Kathlyn remembered, then, that day she’d always worked so hard to forget. When her father had called them all into the throne room. Her mother. N’kosi. Kathlyn herself, only ten years old. He’d looked a lot like this. Malevolent and entirely too pleased with himself.
How well-loved you are, Gertrix, he’d said, so merrily. The kingdom adores you. Would they speak of you with such reverence if they knew exactly how much you love men who are not your king?
Back then, Kathlyn had wondered why her mother hadn’t protested. Why she hadn’t defended herself when of course it wasn’t true. Kathlyn had lived with her then. She’d spent almost every moment of every day with her mother. There had been no entertaining of the palace guards. But Lady Gertrix hadn’t said a word.
And now Kathlyn knew why. There was no point.
But if there was no winning either way, what did it matter what she said?

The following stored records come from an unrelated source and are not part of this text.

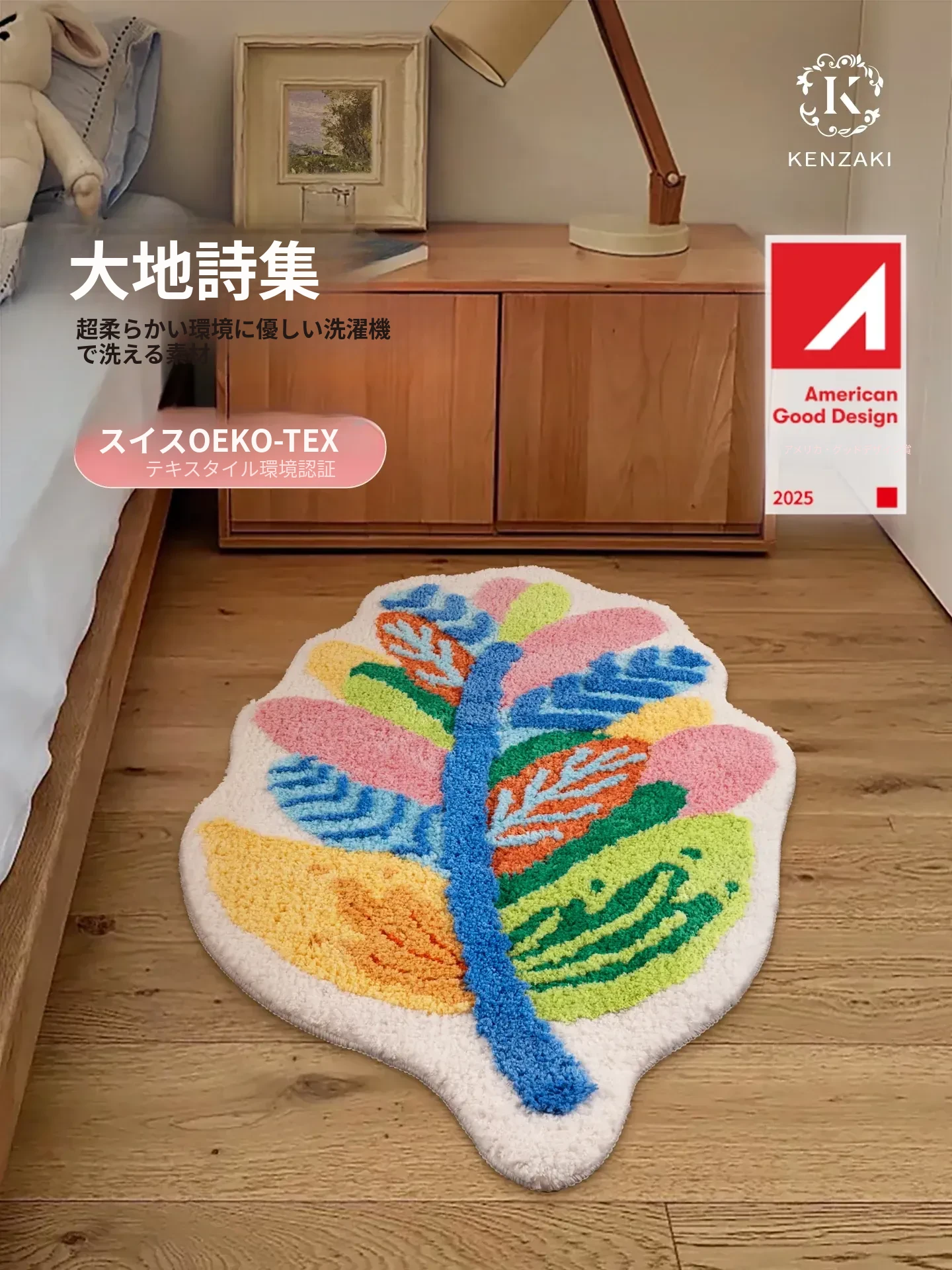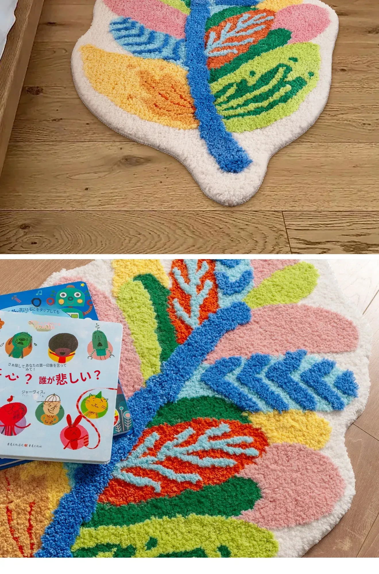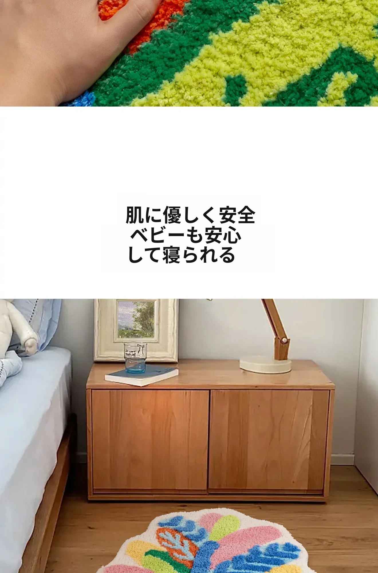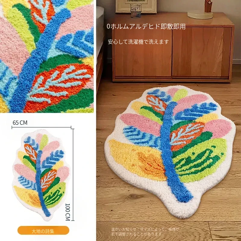 新作!おしゃれな子供部屋にぴったりの不規則な形のカーペット。男の子も女の子も大喜び!リビングやベッドサイドにも最適。ダイパンサーリーフデザインで、洗濯機で簡単にお手入れ可能!
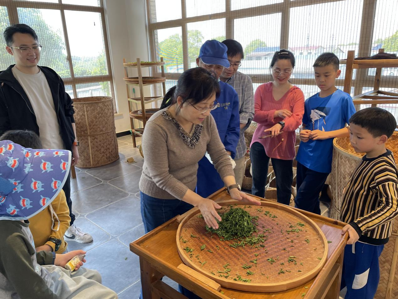 当天上午,艳阳高照,老师们首先来到凌冲村的云游茶场。看到绿莹莹的成片茶树,老师们特别兴奋,尽情地感受春天气息。在茶厂负责人的引导下,老师们戴上斗笠、挎着茶篮踏入茶林,在欢声笑语中采摘芽叶、拍照打卡。一个多小时的采摘体验完毕后,大家在专业制茶师的指导下,先将采摘的茶叶摊青,然后由师傅教大家体验炒茶,再跟着师傅一起揉茶,最后由师傅将揉捻好的青叶置入烤盘烘干。
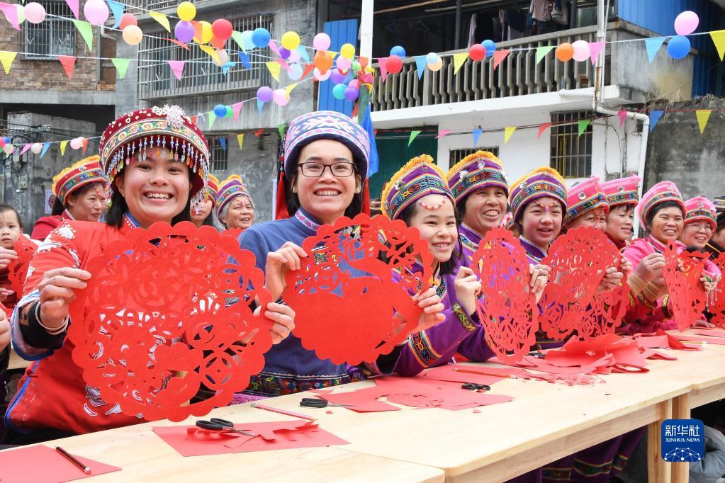 1月16日,在廣西河池市羅城仫佬族自治縣四把鎮(zhèn)思平村小稔屯,民間剪紙藝人展示自己的生肖兔剪紙作品。
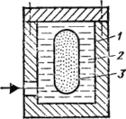 При гидростатическом формовании (рис.16.5) на порошок 3, заключенный в эластичную оболочку 2, передается давление с помощью жидкости, находящейся в сосуде высокого давления 1. В качестве рабочей жидкости используют масло, глицерин, воду и т.д.
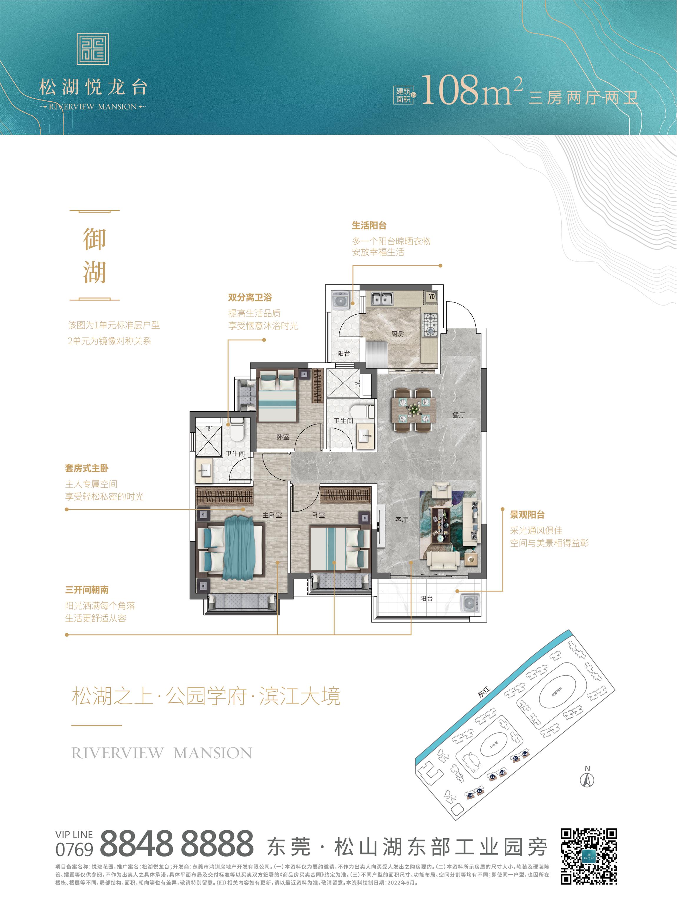 东莞松湖悦龙台推出建面约94-108㎡湖园双景三房,均价约18500元/㎡,带装修交付。
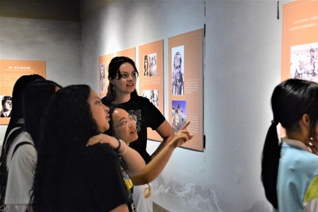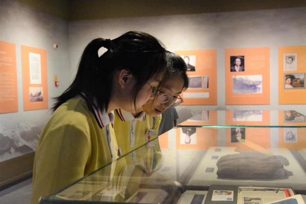 开幕式中还举行了连江一中“飞虎队友谊学校”授牌仪式,友谊的接力棒在青年手中传递,“飞虎队友谊学校”将成为传承历史、播种友谊、启迪未来的重要平台。图为观展学生。(图片来源:福建东南网)
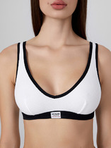 Бюстгальтер мягкий  из эластичной сетки, без каркасов. Чашка с вытачкой. Низ обработан широкой бейкой из основного полотна с эластичной тесьмой внутри, с отделочной строчкой контрастными текстурированными нитками. Передний срез и проймы чашки обработаны с контрастной строчкой текстурированными нитями и жилкой по изнаночной стороне. Передняя часть бретели выворотная из основного полотна с жилкой внутри. Надставки бретелей по спинке из бретелечной тесьмы  с регулировкой. Кольца-регуляторы. Застежка двойная.
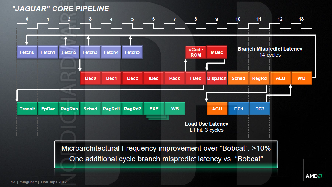 Jaguars Pipeline är ett steg längre än Bobcat vilket ger ett marginellt försämrat IPC-värde, men det vägs upp av de andra optimeringarna i arkitekturen. Fördelen är att AMD räknar med en klockfrekvens som blir minst 10 procent högre än den Bobcat är kapabel till. Latenserna för cacheminnet ligger kvar på samma nivå som tidigare, vilket är 3 klockcykler för L1-cacheminnet och 17-clockcykler för L2-cacheminnet.
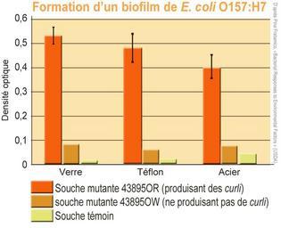 Keywords: EColiUSDAfromPinaFratamico.jpg en Biofilm formation of E coli O157 H7 strains 43895OR OR; curli-producing and 43895OW OW; non-curli-producing on glass Teflon and stainless steel surfaces fr Formation de biofilms à partir de deux souches mutantes de Escherichia coli O157 H7 l'une OR produisant des curli et l'autre OW n'en produisant pas et par rapport à un échantillon témoin normal lors de cultures sur différentes surfaces verre téflon et inox USDA http //www ars usda gov/Research/docs htm docid 6732 Direct source page named éBacterial Responses to Environmental Factors é Pina Fratamico 10/24/2006 Last Modification of the pag http //www ars usda gov/research/projects/projects htm accn_no 409248 National Programs International Programs Find Research Projects The Research Enterprise Office of Scientific Quality Review Research Initiatives You are here Research / Research Project MOLECULAR CHARACTERIZATION OF PATHOGENS AND THEIR RESPONSES TO ENVIRONMENTAL FACTORS Project Number 1935-42000-051-00 Project Type Appropriated PD-USGov Escherichia coli Biofilms
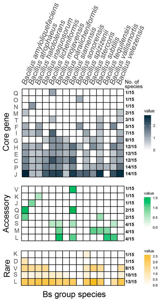 COG enrichment analysis of individuals was conducted for the Bs group members, with the results for the three types of genes across the 15 species (Figure 2).
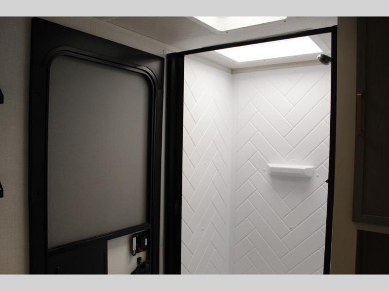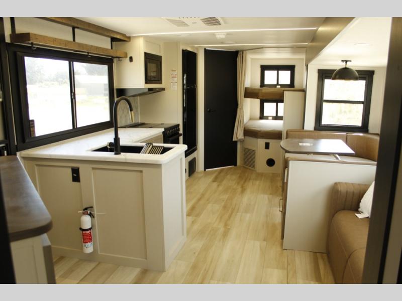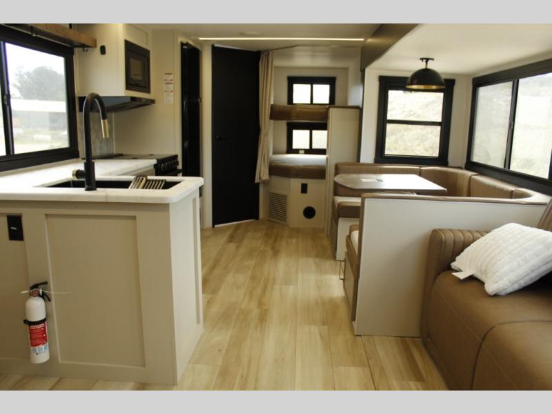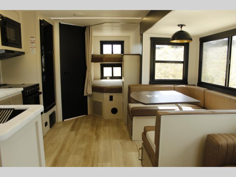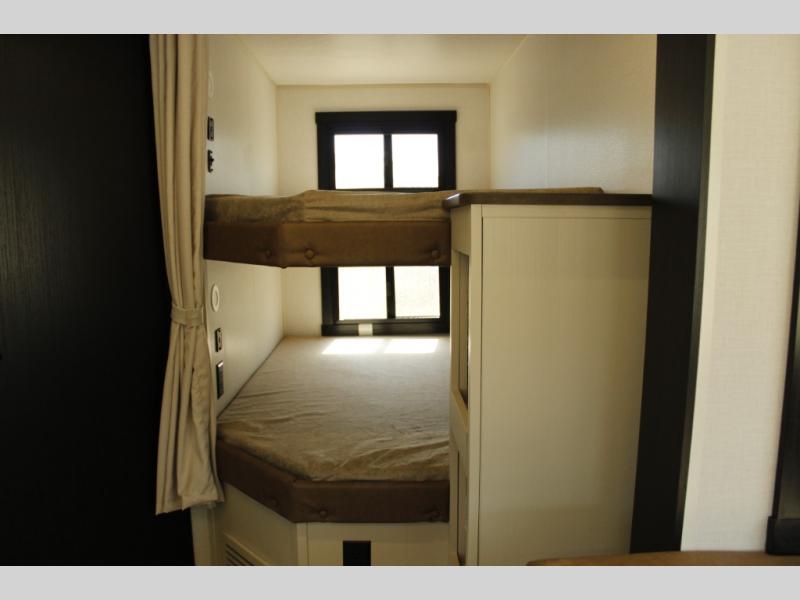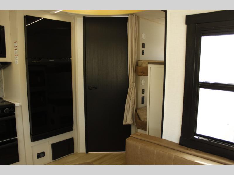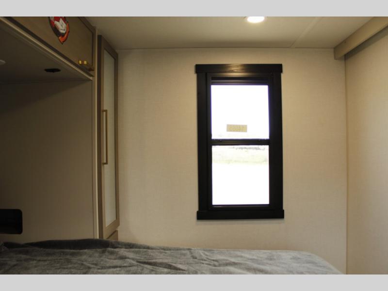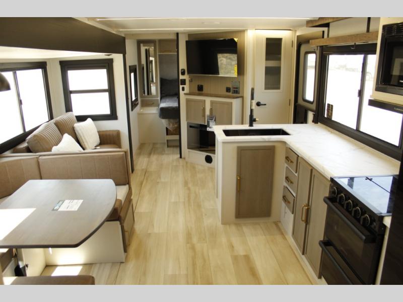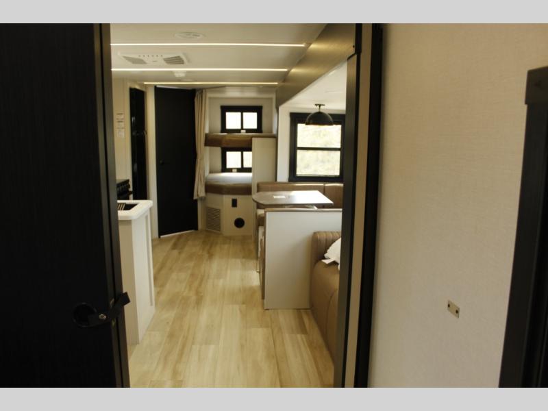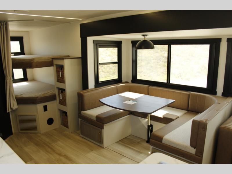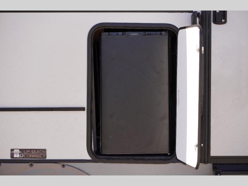 This dual entry travel trailer is the perfect unit to travel with a larger group since there is sleeping for ten! There are double-size bunks in the rear corner, a queen bed with Versa Tilt in the front private bedroom, plus a U-shaped dinette and tri-fold sofa in the main living area. The rear corner bath includes a walk-in shower with a skylight, a spacious linen closet, and one of the dual entry doors for added convenience. The chef of your group will love the camp kitchen window with shelves above for spices, and there is an exterior griddle and mount if they enjoy cooking outdoors. This unit also includes an entertainment center with a 40" LED Smart TV and a fireplace for a cozy evening indoors, and the entry pantry will be perfect to keep snacks stocked!
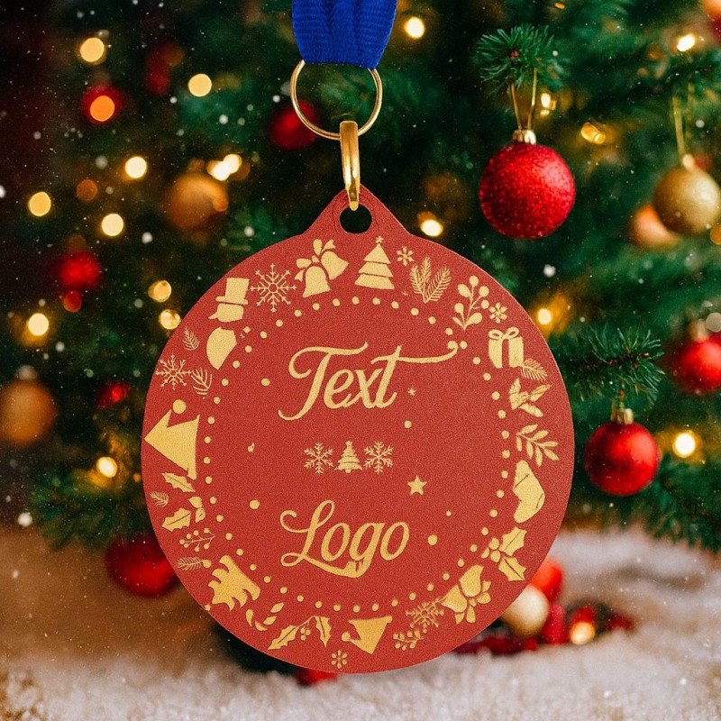 Kovová Vánoční medaile o tloušťce 0,15 mm s možností vložení vlastního textu i loga na přední i zadní stranu. Medaile se vyrábí ve 3 velikostech – 5, 6 a 7 cm. Stuha je ke každé medaili zdarma.

“I think we both know that if I’d tried to escape him you would claim I’d shamed you by refusing to submit to my mounting as any decent girl must,” she pointed out calmly.
She didn’t look at that strap. She refused to look at it. She couldn’t control what her father did. She could only control her responses to it. And she had Wulf to thank for that, and his wildly hot object lesson in exactly this the night before.
It turned out he’d taught her how to fight after all.
“And now you stand before me in a silver gown and your astonishing defiance,” her father sneered, as if she hadn’t spoken. Because as far as he was concerned, she might as well have saved her breath. “When I hoarded your gold for years and you wasted it on a scavenger.”
“Tell me, father,” Kathlyn asked quietly, holding his vicious gaze with her own, calm and direct, “what is it that bothers you more? That I look so much like my mother or that the people love me just as much as they loved her—if not more?”
Athenian’s lip curled. “You are like her in every way, which I would not revel in, were I you.” He moved closer, his black eyes cold. “A cockroach crawling around my kingdom dressed in pretty clothes, spreading your filth wherever you go.”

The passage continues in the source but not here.